March 30 () –
The diversity of sizes in modern cetaceans (whales and dolphins) -from 1.5 to 30 meters- it came much later in its evolution than expected, a new fossil study reveals.
To get a more detailed look at cetacean evolution, a team of scientists, including Dr Travis Park and Dr Gustavo Burin, both Leverhulme Post-Docs at the Natural History Museum (NHM), collected body length measurements of 345 different species, including 89 living species and 256 fossil lineagesin the largest dataset of its kind. His article is published in Current Biology.
By comparing the body lengths of living and fossil species, an approach rarely taken, the research revealed that evolutionary trends in cetacean size remained roughly the same for more than 20 million years after they entered the ocean.
While whales of all sizes existed during this period, they all evolved towards an optimal length of around 12.5 meters longwhich is about the size of a humpback whale.
Lead co-author Dr. Gustavo Burin said it’s a statement: “While previous studies have looked at the evolution of cetacean body size, few had combined measures of living and fossil species, and none were as comprehensive in terms of species included.”
“The inclusion of fossils fills in many gaps in the evolution of these animals, showing that evolutionary patterns in body size are much less obvious than expected. This is an interesting finding that shows the limitations of excluding extinct species from studies of evolutionary trends.“.
After a shift toward evolving larger sizes early in their evolution, this trend remained constant for millions of years. A second change occurred about 30 million years ago, when the ancestors of modern dolphins adapted to become fast-moving, agile predators.

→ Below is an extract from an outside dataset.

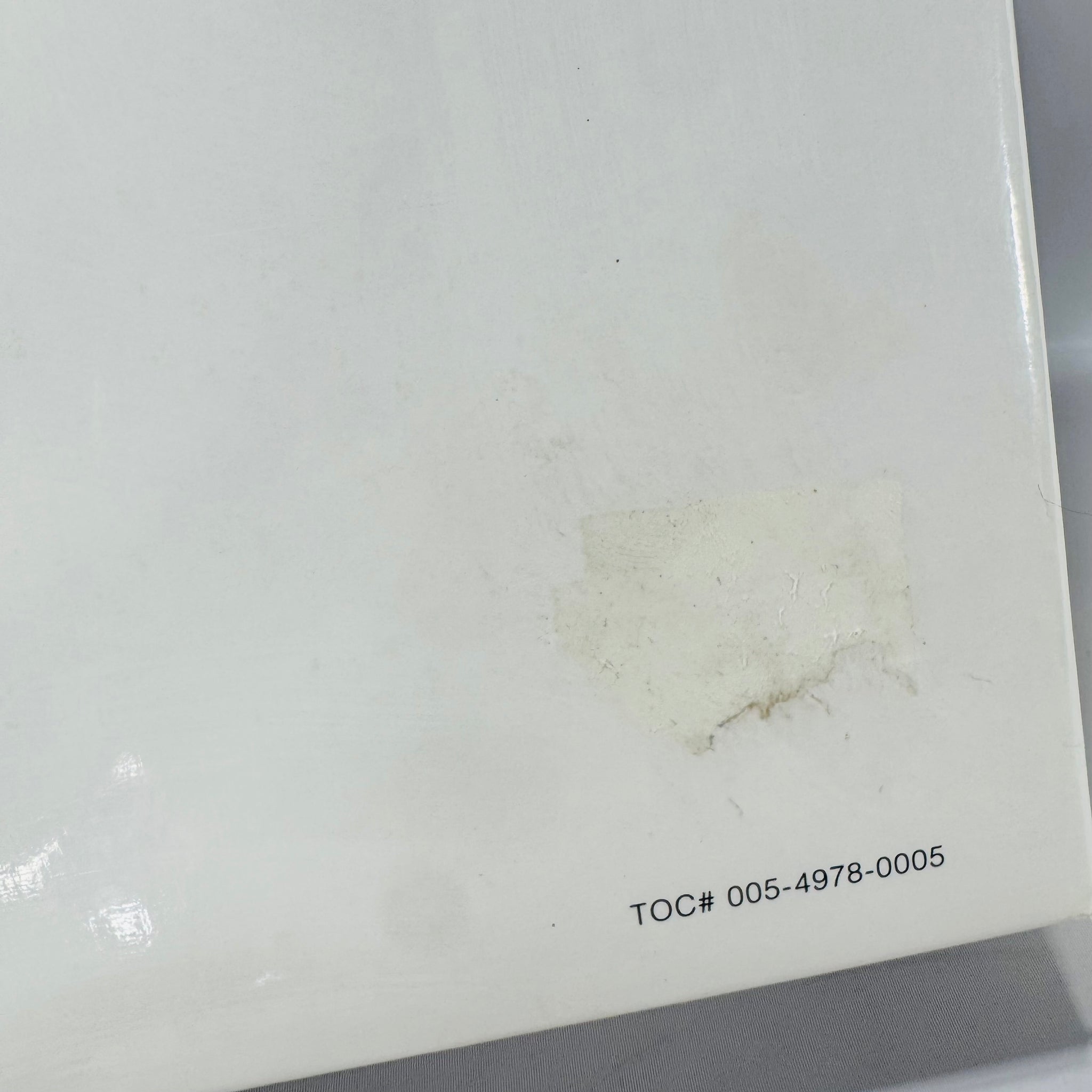 Notes: Clean, readable interior pages shown. Binder shows noticeable shelf/handling wear with scuffing and light soiling; visible sticker/label residue area on back cover. Rings appear intact and functional.

However, the most extreme size adaptations only take place in individual branches of the cetacean family much closer to the present. For example, the average ancestor size of baleen whales increased by up to 175%.
The researchers looked at the changes by visualizing them as adaptive landscapes, where evolution is seen as a series of peaks and troughs. The best features in a given environment are represented as spikes, and the higher they are, the more benefits they provide.

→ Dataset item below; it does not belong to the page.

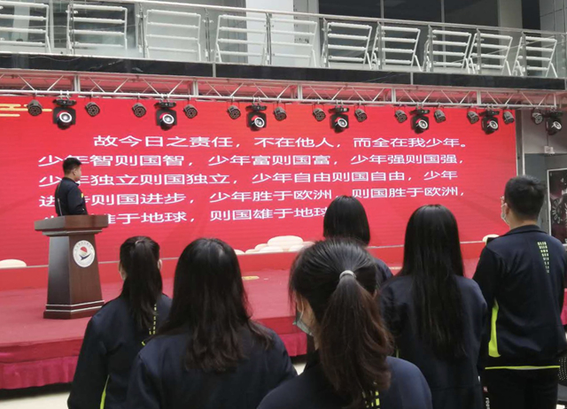 开学式最后,系学生会主席唐忠兴带领全体同学现场诵读《少年中国说》,宣示刻苦读书、深入实践、拼搏进取的决心。

The team found that when fossil cetaceans were included with living species, the peaks in body size disappeared. Instead, they found that the adaptive landscape was mostly flat, with few peaks.
THE SIZE OF A GOAT
The first cetaceans were goat-sized animals that lived on the shores of lakes and rivers, spending time both in and out of the water. Over time, their descendants became more and more adapted to life in the water, before leaving the earth completely.
Species that return to the water after living on land are known as secondarily aquatic and, in addition to cetaceans, include animals such as penguins and crocodiles.
These species face a unique set of challenges after moving into the water, and evolving to become larger is one way to solve many of them.
Dr Travis Park, co-lead author of the paper, said: “Many lineages that return to the water tend to increase in size soon after making this transition, as this is often an advantage. For example, small species lose heat rapidly under Water, so getting bigger can help maintain body temperature.”
“Returning to the water could also release evolutionary constraints imposed by forces like gravity, allowing much larger bodies to develop. It’s hard to say which is the most important cause, since body size is decided by a variety of different factors, all acting together“.
For example, the minke whale, the smallest baleen whale, experienced a general decline in size. It has recently been suggested that this may allow the species to target smaller, more maneuverable krill patches at night, when other whales are not as active.
More than a third of all skull measurements used in the article come from Natural History Museum specimens, and total length data for 1,659 individuals were retrieved from the NHM cetacean stranding database, demonstrating the importance of the museum’s collections and research.
In the future, the team of scientists responsible for this latest research wants to apply a similar approach to other secondary aquatic animals, with seals next to be observed. Over time, they hope to see how these groups have changed and how competition between them might have affected their mutual evolution.